I’d say 38 days porn free. Quite proud of it, as it’s an unbelievable streak.
I have some concerns though… I’m being both highly restrictive and loose on my definition of porn. Any images - even those of clothed individuals, are pornographic rn for me. Print images, dvds, internet, exercise videos… etc. Even pictures of my own spouse - porn.
But, text based stuff - not porn. Up until today the only text based motivation I’ve used while taking care of myself was chats from my spouse, in conjunction with some toys. Today, I found myself using an AI chatbot.
So here I am… wondering how successful I’ve actually been. Worrying I’m standing atop a fallacy. I know that honesty is critical but also know that if I consider myself slipped, I’m headed into a bender of Reddit threads followed by wishy washy attempts for several months before I ever get a good streak going, and given this is my best streak ever… idk when I’d get it back.
I think a lot of things are difficult to define with sobriety. I also think I do best with a pinch of dishonesty between myself and I, but maybe this is flawed.
Personally I think honesty is the best policy for me.
I’m in my 7th year off of (non-prescribed) narcotics, alcohol, and marijuana. Period.
Have I tried other “fringe” chemicals and stuff. Yes. But I’m a recovering meth and heroin IV user, and my life has become amazing. I’m not destroying my life anymore and I am actually able to function. I don’t expect perfection for myself and if I find something non-narcotic that enhances my life, I’m willing to take it (using good judgement that is).
So that’s my opinion take it for what it is don’t take it to rationalize something you know is wrong though.
Hi friend. I don’t feel prepared to comment on what does or does not count as legit in your sobriety journey, which I think is up to you to decide anyway. You get to create your own goals and must manage them how you will, with honesty and gentleness. However, I can comment on the AI thing.
I am on this app because I am recovering from an AI chatbot addiction of my own. It not only served as my own source of explicit material (written, like you’re describing), but it became a sort of ‘porn’ in itself it terms of its addictive, dopamine-producing qualities. You’re not just risking adding to an actual porn addiction by using chatbots, but you are also introducing a whole different type of ‘porn’—of addictive material—into your life. I would encourage you to nip that in the bud quickly. I saw this not to make you feel bad, but just to warn you as somebody who struggles with it heavily.
It’s also my opinion that you need to do what’s going to keep you moving in the right direction and sleeping soundly over your choices. If/when you feel like you’re slipping, you don’t need to disregard your progress, you just need to alter your course a little. You’ve simply gained more information and want to use that information appropriately. Doesn’t mean you shouldn’t be proud of the work you’ve done for your health, in whatever capacity that is!
I’ve seen your comment that you’ve slipped, I assume by your original measurements regarding images. I’m sorry to hear that you’re struggling. I know the triggers are brutal, and I really hope you can find the support you need on the path to recovery. The fight isn’t over, but I believe in you. May you reach your goals and get your life back. Another 38 days is possible, and beyond!
not easy topic. Personally I know perfectly when something or someone arouses me in a way that I consider addictive or compulsive.The theory of the circles helps me. Inner Circle for me is hardcore/soft porn, Masturbation, Orgasm.Erotic literature
Middle Circle: Arousal images from the real world or comic book images/ IA/ Social Media binging…
Outer Circle: 12 steps/meetings/good literature/connecting with others/hobbies/Church…
Maybe ask a friend to accompany you on your journey away from porn and related subjects. Help can be on the way, much easier then when one tries it alone.
Here is a helpful tool I created to help me navigate through such grey areas.
After years of constant refining of my boundaries, I was forced to pay attention to something I was ignoring for a long time; the status of my own mind. For me, it’s not what I do, but rather, what goes on in my brain when I’m doing it.
Thus, it was not enough for me to stop a bunch of behaviors.

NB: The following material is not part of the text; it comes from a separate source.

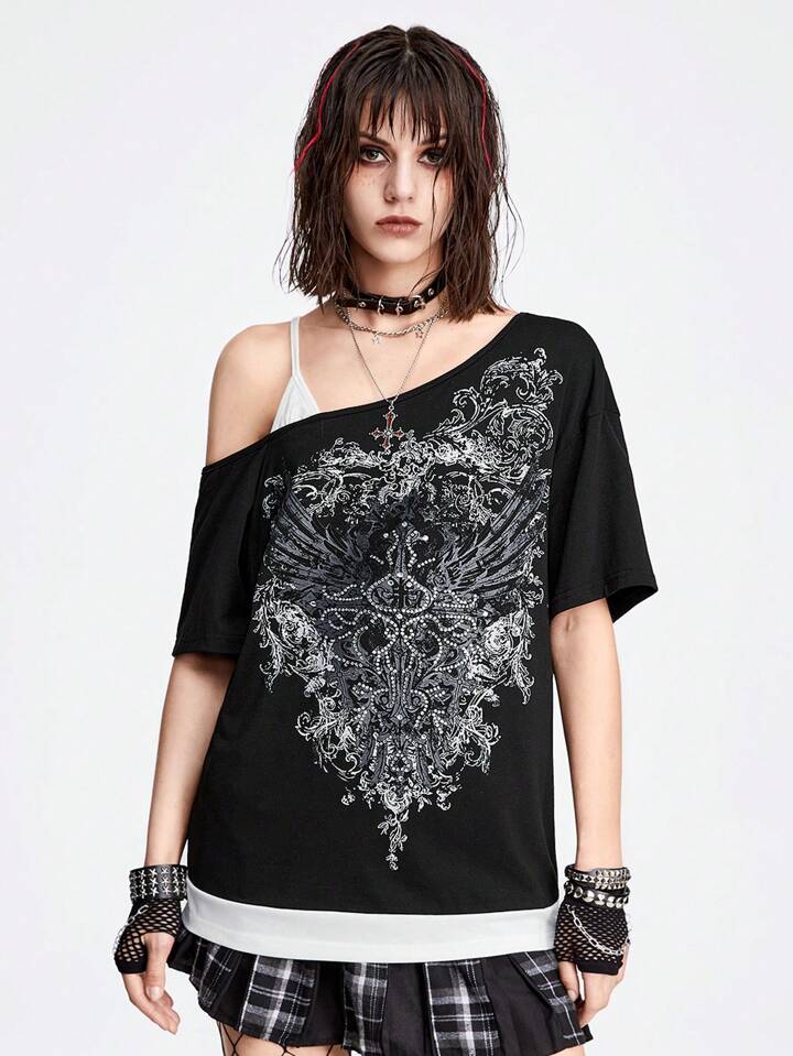 Grunge Punk T-shirt femme oversize de style punk sombre avec impression asymétrique à l'épaule et motif d'aile, pour l'école

I had to stop thinking about my DOC too. For what happens in my brain when I think about acting out? What happens in my brain when I’m checking out a woman on the street? The same dopamine rush that I receive when I view porn. I had a problem with boundaries. Until I paid attention to the state of my own mind, my brain’s toxicity level would shoot up to high levels making it darn impossible to avoid level 9 and 10 behaviors, which would define a reset. Put me in a church full of old women. And I can turn that into porn. Put a blindfold on me, and I can still turn my fantasies into porn. My brain can get pretty hot over a fantasy. And for the record, typing in nasty words into an AI chat app would definitely constitute a level 9 behavior and a relapse for me.
For me, this is the Easy path. Keeping my brain’s toxicity level low by maintaining custody of both my eyes and my mind. If I allow my brain to fantasize wherever it wants to roam with no restraint, that’s where I’ll get it trouble. Then trying to withhold myself from crossing into higher levels. That’s my clear definition of white-knuckling.